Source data
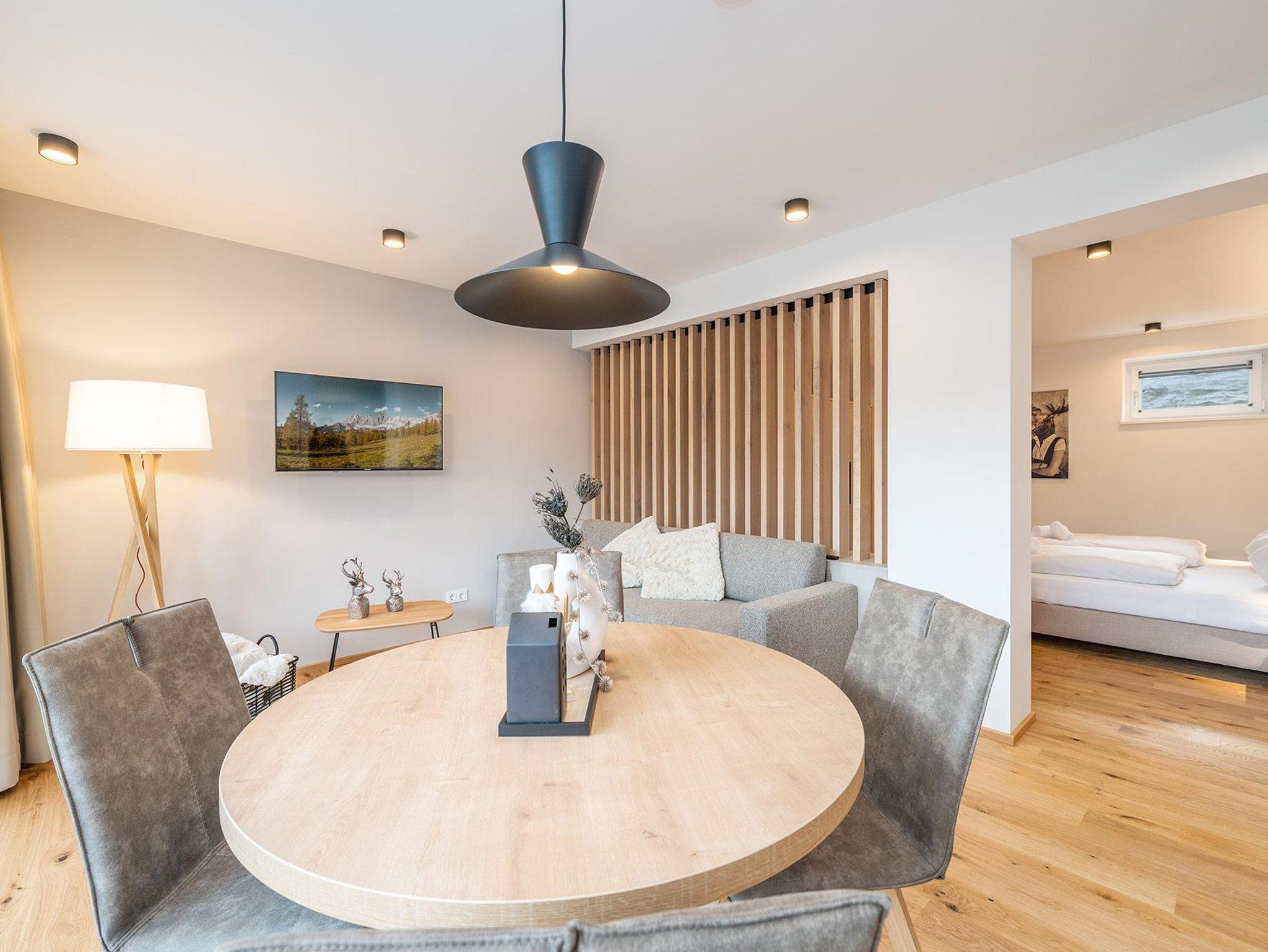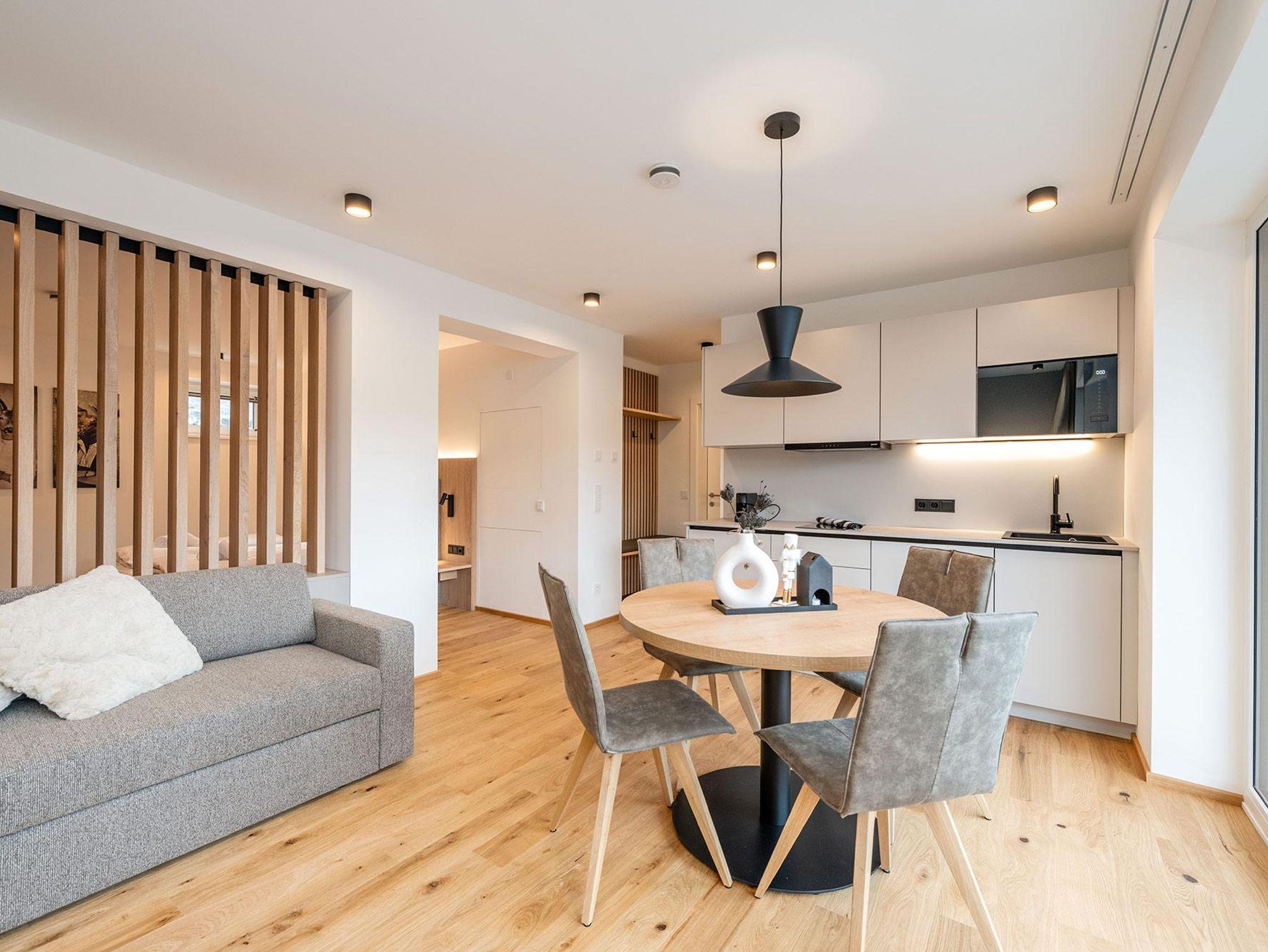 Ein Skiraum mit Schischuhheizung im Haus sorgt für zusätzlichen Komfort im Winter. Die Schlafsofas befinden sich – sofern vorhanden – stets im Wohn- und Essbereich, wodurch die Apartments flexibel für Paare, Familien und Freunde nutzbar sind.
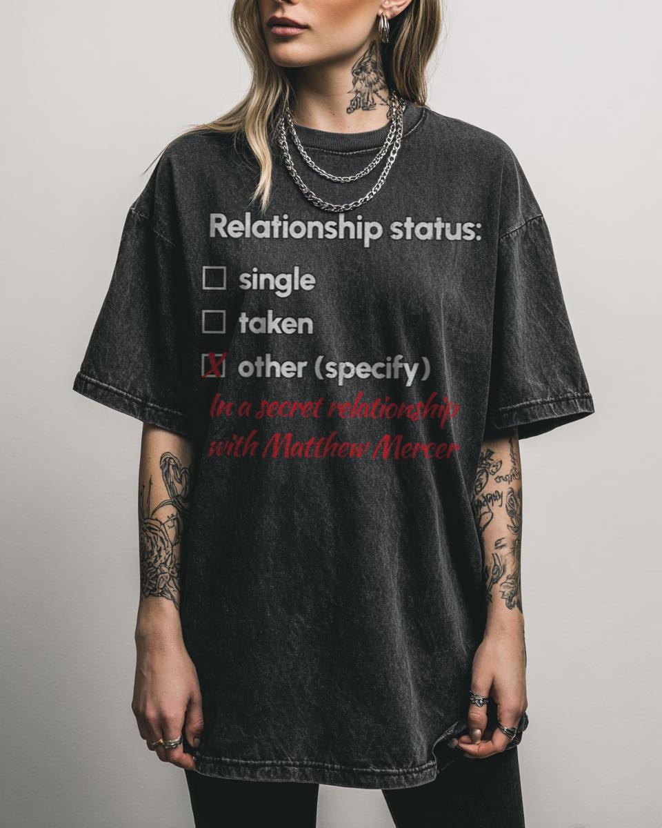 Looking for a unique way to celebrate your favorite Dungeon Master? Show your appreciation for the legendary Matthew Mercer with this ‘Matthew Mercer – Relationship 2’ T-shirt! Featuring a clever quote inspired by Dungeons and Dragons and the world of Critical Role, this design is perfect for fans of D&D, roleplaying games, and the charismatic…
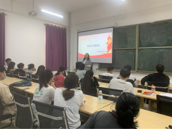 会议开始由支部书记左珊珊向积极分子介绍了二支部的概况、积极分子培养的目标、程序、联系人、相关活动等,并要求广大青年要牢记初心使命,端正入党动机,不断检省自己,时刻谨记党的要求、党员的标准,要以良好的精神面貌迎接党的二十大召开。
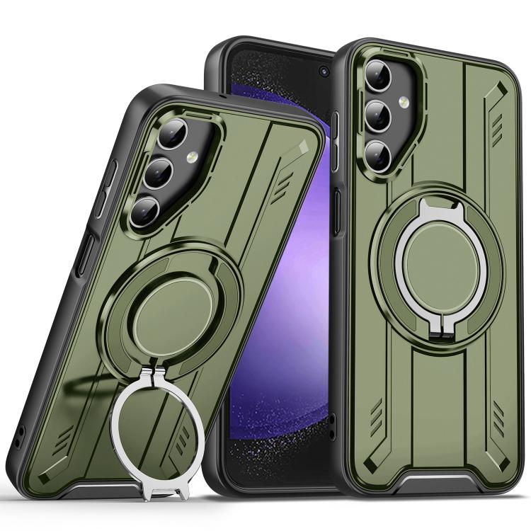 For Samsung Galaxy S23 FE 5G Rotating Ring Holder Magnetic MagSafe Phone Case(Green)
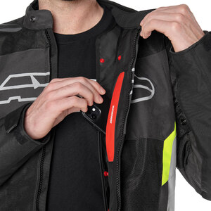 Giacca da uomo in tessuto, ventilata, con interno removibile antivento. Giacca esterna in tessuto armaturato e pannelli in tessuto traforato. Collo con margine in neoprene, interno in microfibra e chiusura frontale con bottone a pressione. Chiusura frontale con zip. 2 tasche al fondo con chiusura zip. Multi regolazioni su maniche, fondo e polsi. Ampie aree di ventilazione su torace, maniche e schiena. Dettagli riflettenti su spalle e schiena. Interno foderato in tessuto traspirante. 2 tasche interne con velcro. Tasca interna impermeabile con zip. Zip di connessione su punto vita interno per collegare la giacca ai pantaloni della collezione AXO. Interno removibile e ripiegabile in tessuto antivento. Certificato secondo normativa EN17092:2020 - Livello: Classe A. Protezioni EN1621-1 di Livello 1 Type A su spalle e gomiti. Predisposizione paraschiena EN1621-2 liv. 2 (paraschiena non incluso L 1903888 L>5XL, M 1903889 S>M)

## WORK TO COMPLETE
This task calls for an exact copy of the data above, without pictures.

## RESULT
 Ein Skiraum mit Schischuhheizung im Haus sorgt für zusätzlichen Komfort im Winter. Die Schlafsofas befinden sich – sofern vorhanden – stets im Wohn- und Essbereich, wodurch die Apartments flexibel für Paare, Familien und Freunde nutzbar sind.
 Looking for a unique way to celebrate your favorite Dungeon Master? Show your appreciation for the legendary Matthew Mercer with this ‘Matthew Mercer – Relationship 2’ T-shirt! Featuring a clever quote inspired by Dungeons and Dragons and the world of Critical Role, this design is perfect for fans of D&D, roleplaying games, and the charismatic…
 会议开始由支部书记左珊珊向积极分子介绍了二支部的概况、积极分子培养的目标、程序、联系人、相关活动等,并要求广大青年要牢记初心使命,端正入党动机,不断检省自己,时刻谨记党的要求、党员的标准,要以良好的精神面貌迎接党的二十大召开。
 For Samsung Galaxy S23 FE 5G Rotating Ring Holder Magnetic MagSafe Phone Case(Green)
 Giacca da uomo in tessuto, ventilata, con interno removibile antivento. Giacca esterna in tessuto armaturato e pannelli in tessuto traforato. Collo con margine in neoprene, interno in microfibra e chiusura frontale con bottone a pressione. Chiusura frontale con zip. 2 tasche al fondo con chiusura zip. Multi regolazioni su maniche, fondo e polsi. Ampie aree di ventilazione su torace, maniche e schiena. Dettagli riflettenti su spalle e schiena. Interno foderato in tessuto traspirante. 2 tasche interne con velcro. Tasca interna impermeabile con zip. Zip di connessione su punto vita interno per collegare la giacca ai pantaloni della collezione AXO. Interno removibile e ripiegabile in tessuto antivento. Certificato secondo normativa EN17092:2020 - Livello: Classe A. Protezioni EN1621-1 di Livello 1 Type A su spalle e gomiti. Predisposizione paraschiena EN1621-2 liv. 2 (paraschiena non incluso L 1903888 L>5XL, M 1903889 S>M)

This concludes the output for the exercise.